“Some commenters said the NRC should have launched a more thorough process for making new rules instead of simply trying to reinterpret existing rules, while others said the plan should have included a process where the public could help decide whether nuclear waste would be allowed at a particular disposal site.”
BY: TRAVIS BUBENIK | courthousenews.com Dec 17, 2020
(CN) — Federal regulators are withdrawing a nuclear waste proposal that had prompted an unusually widespread chorus of opposition, including from those who worried the plan could have led to radioactive waste being shipped to local landfills across the U.S.
The proposal centered on what’s commonly referred to as “very low-level” waste, which includes things like contaminated construction debris or soil from shuttered nuclear power plants.
Under the plan, the Nuclear Regulatory Commission would have reinterpreted rules on that kind of waste so that disposal facilities without specific licenses to handle the waste could have taken it in anyways through an exception.
The proposal sparked a wave of pushback from an unlikely alliance of state regulators, environmental groups and even a prominent company in the business of nuclear waste management.
“We regret to find ourselves in such definitive opposition to an NRC staff proposal,” the Texas-based company Waste Control Specialists wrote in formal comments to regulators in July. “We are not accustomed to being in this position.”
In a notice released Wednesday, the regulators said they would abandon the plan after receiving more than 15,000 public comments, with the “vast majority” expressing opposition.

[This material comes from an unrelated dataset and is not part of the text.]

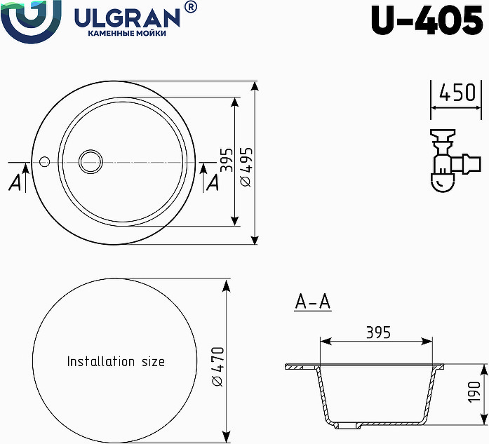Лидер продаж в России. Круглая мойка из искусственного камня. Модель Ulgran U-405. Одна из самых недорогих моек подобного класса в стране. В сочетании с высоким качеством композитного материала Ulgran, модель U-405 становится безусловным лидером в своем классе.

“The NRC staff assesses that the potential main benefit of the proposed interpretive rule — the potential for fewer regulatory approvals related to disposal at an authorized disposal site — would not outweigh the costs of implementing the proposed interpretive rule,” the notice states.
An NRC spokesperson said those costs refer to staff time the commission would have to spend on implementing the plan along with “agreement states” that would need to be brought on board, not to any alleged environmental costs.
“We have strongly disputed the argument by various groups who misrepresented the proposal as deregulation of radioactive waste disposal,” spokesperson David McIntyre said. “This would not have changed anything, just made an existing case-by-case approval process more efficient.”
Critics had urged the commission to abandon the plan for a variety of reasons, ranging from environmental fears to concerns about how reinterpreting rules could logistically complicate nuclear waste management at the state level.
In August, an official with the Texas Commission on Environmental Quality told Courthouse News the agency was opposed to the plan because it would “change everything about the way we do business in Texas.”
“We don’t see a need for change at this point,” said Ashley Forbes, deputy director of the agency’s radioactive materials division.
A TCEQ spokesperson said the agency had no comment on the plan being withdrawn.
In the notice Wednesday, federal regulators outlined the feedback they had received. Some commenters said the NRC should have launched a more thorough process for making new rules instead of simply trying to reinterpret existing rules, while others said the plan should have included a process where the public could help decide whether nuclear waste would be allowed at a particular disposal site.
Other changes to how the nation deals with the “very low-level” subset of nuclear waste could still be announced down the road. The NRC is in the midst of a years-long “scoping study” on the issue, in which regulators are exploring options for handling what is likely to be a sizable increase in nuclear waste in the years ahead as more and more nuclear power plants shut down.
“The staff will continue to monitor the external environment and seek innovations in the low-level waste regulatory program,” the NRC said in the notice Wednesday.